### Урок 7. Рекурентные сети для обработки последовательностей

# Домашнее задание

1. Попробуйте обучить нейронную сеть GRU/LSTM для предсказания сентимента сообщений с твитера на примере https://www.kaggle.com/datasets/arkhoshghalb/twitter-sentiment-analysis-hatred-speech

2. Опишите, какой результат вы получили? Что помогло вам улучшить ее точность?

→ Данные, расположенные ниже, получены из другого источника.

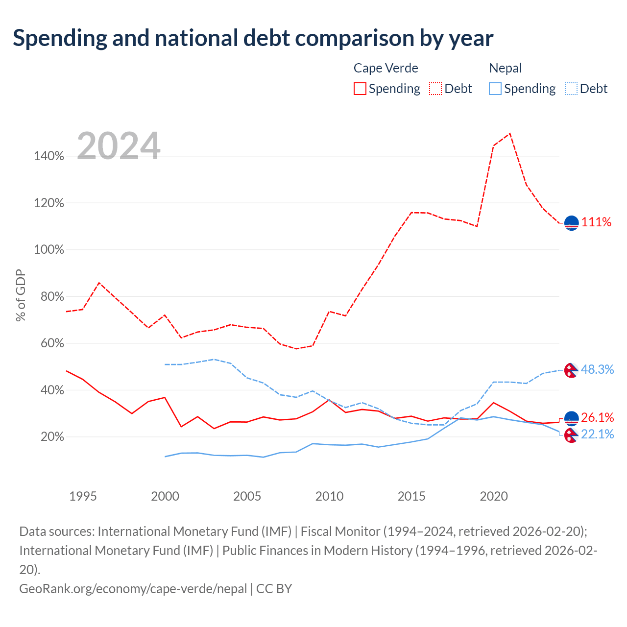 Cape Verde has $3.03B in government debt (111.2% of GDP), compared to $20.7B (48.3% of GDP) in Nepal.

У кого нет возможности работать через каггл (нет верификации), то можете данные взять по ссылке: https://drive.google.com/file/d/1czQcI0Zgvgo6DjW1-yTFUhL8_XVsF6vi/view?usp=sharing

In [1]:
# Context
# The objective of this task is to detect hate speech in tweets. For the sake of simplicity, we say a tweet contains hate 
# speech if it has a racist or sexist sentiment associated with it. So, the task is to classify racist or sexist tweets from 
# other tweets.
# Formally, given a training sample of tweets and labels, where label '1' denotes the tweet is racist/sexist and label '0' 
# denotes the tweet is not racist/sexist, your objective is to predict the labels on the test dataset.

# Контекст
# Цель этой задачи - обнаружить ненавистнические высказывания в твитах. Для простоты мы говорим, что твит содержит 
# ненавистнические высказывания, если с ним связаны расистские или сексистские настроения. Итак, задача состоит в том, чтобы 
# отличить расистские или сексистские твиты от других твитов.
# Формально, учитывая обучающую выборку твитов и меток, где метка "1" означает, что твит является расистским/сексистским, 
# а метка "0" означает, что твит не является расистским /сексистским, ваша цель - предсказать метки в тестовом наборе данных.

In [2]:
import pandas as pd
import numpy as np

In [3]:
path = '\PyTorch-7'
path = ''

In [4]:
df_train = pd.read_csv("train.csv",index_col=0)
df_test = pd.read_csv("test.csv",index_col=0)

In [5]:
df_train

Unnamed: 0_level_0,label,tweet
id,Unnamed: 1_level_1,Unnamed: 2_level_1
1,0,@user when a father is dysfunctional and is s...
2,0,@user @user thanks for #lyft credit i can't us...
3,0,bihday your majesty
4,0,#model i love u take with u all the time in ...
5,0,factsguide: society now #motivation
...,...,...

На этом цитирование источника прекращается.